YOUR TASK: Below are some records. Write out exactly their lines from the one with "This sale is" through the one with "및 넓어짐 7A 항균", and leave the pictures behind.

DATA EXTRACT:
++++++++

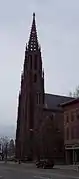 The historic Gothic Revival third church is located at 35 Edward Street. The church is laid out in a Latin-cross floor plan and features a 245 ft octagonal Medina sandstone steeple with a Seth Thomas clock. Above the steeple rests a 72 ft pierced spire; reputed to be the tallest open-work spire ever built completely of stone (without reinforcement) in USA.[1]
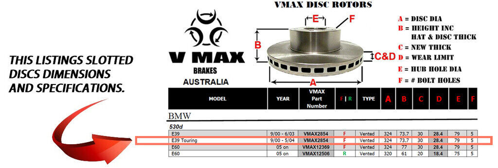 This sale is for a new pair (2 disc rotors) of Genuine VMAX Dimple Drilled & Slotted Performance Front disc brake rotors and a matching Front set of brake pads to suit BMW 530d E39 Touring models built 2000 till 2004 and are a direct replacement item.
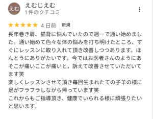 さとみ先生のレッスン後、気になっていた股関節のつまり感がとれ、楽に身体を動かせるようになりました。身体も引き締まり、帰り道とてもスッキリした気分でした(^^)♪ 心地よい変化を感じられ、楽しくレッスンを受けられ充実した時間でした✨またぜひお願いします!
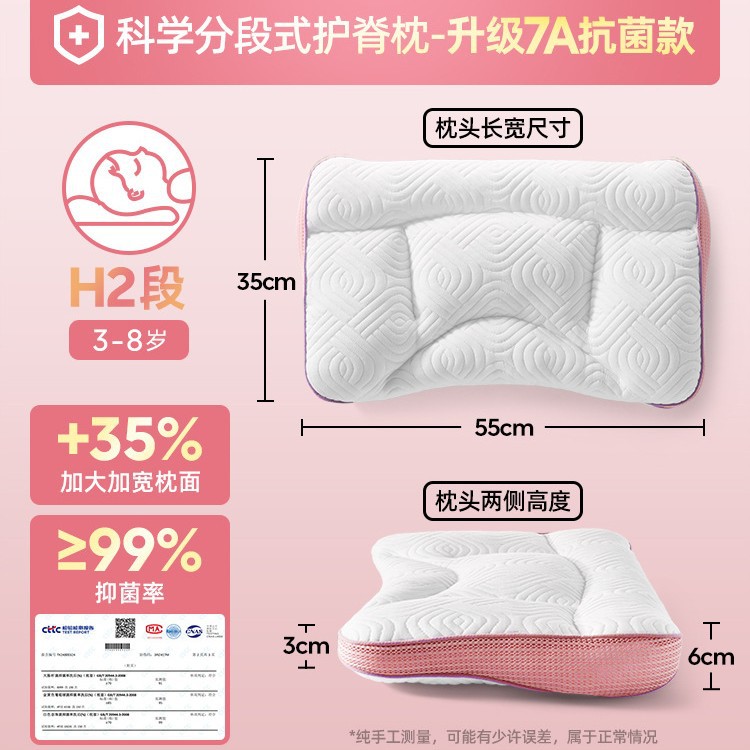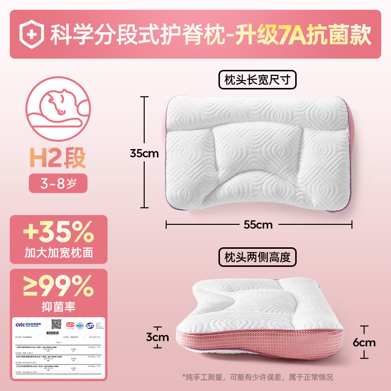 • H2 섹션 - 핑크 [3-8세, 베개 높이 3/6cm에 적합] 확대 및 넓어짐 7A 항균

++++++++

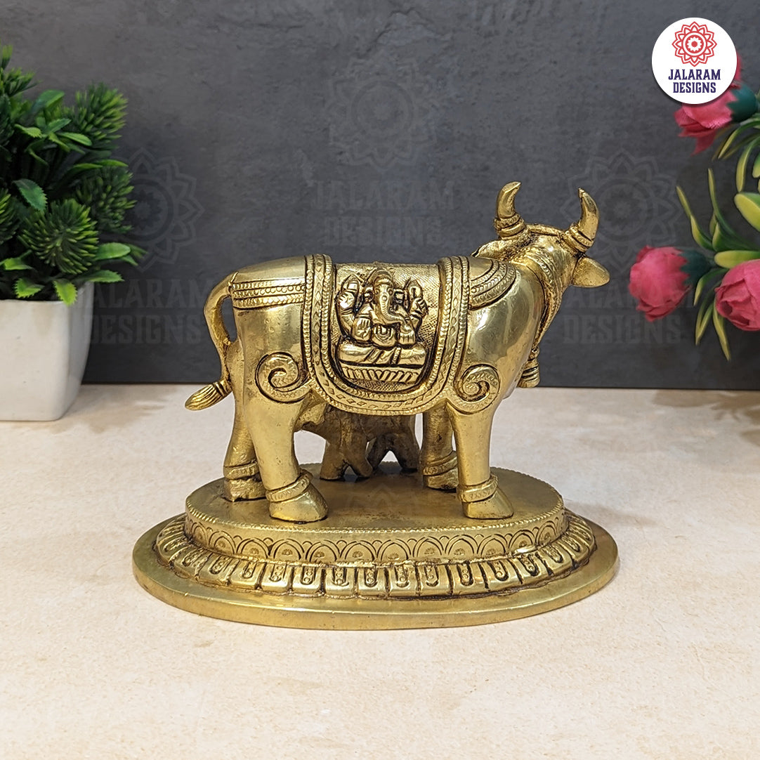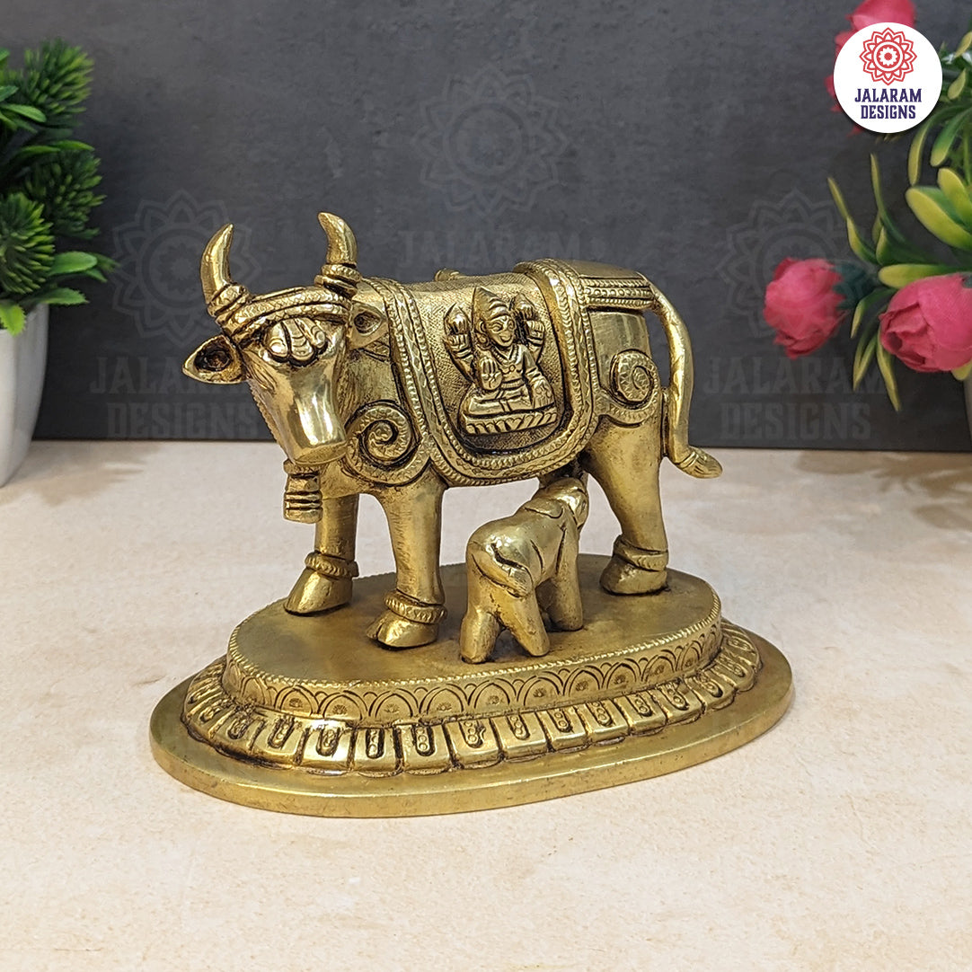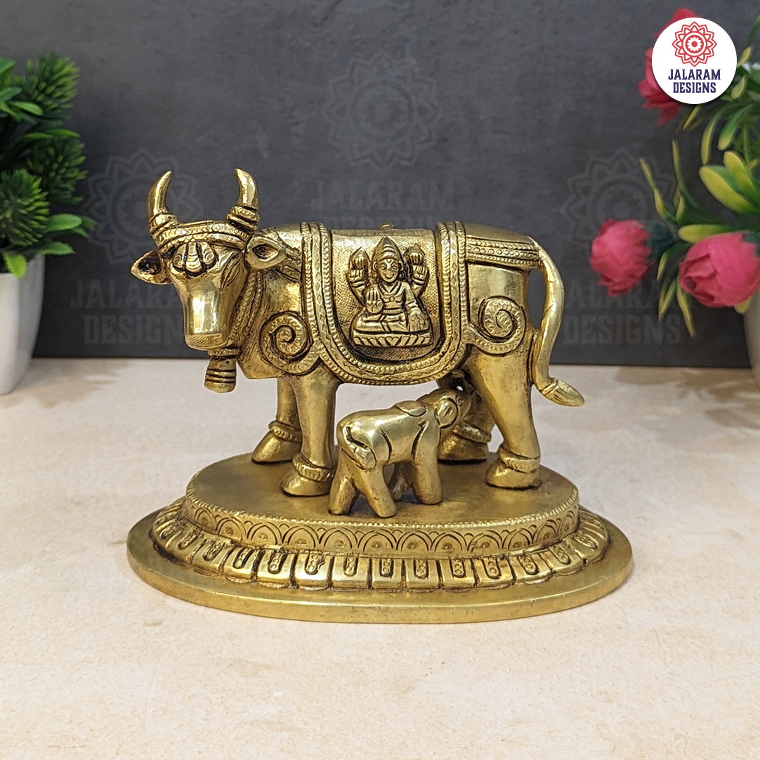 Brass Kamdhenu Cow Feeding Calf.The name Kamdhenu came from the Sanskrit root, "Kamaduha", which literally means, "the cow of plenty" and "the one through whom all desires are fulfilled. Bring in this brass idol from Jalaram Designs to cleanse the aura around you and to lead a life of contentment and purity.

++++++++

RESPONSE FOR THIS EXERCISE:
 This sale is for a new pair (2 disc rotors) of Genuine VMAX Dimple Drilled & Slotted Performance Front disc brake rotors and a matching Front set of brake pads to suit BMW 530d E39 Touring models built 2000 till 2004 and are a direct replacement item.
 さとみ先生のレッスン後、気になっていた股関節のつまり感がとれ、楽に身体を動かせるようになりました。身体も引き締まり、帰り道とてもスッキリした気分でした(^^)♪ 心地よい変化を感じられ、楽しくレッスンを受けられ充実した時間でした✨またぜひお願いします!
 • H2 섹션 - 핑크 [3-8세, 베개 높이 3/6cm에 적합] 확대 및 넓어짐 7A 항균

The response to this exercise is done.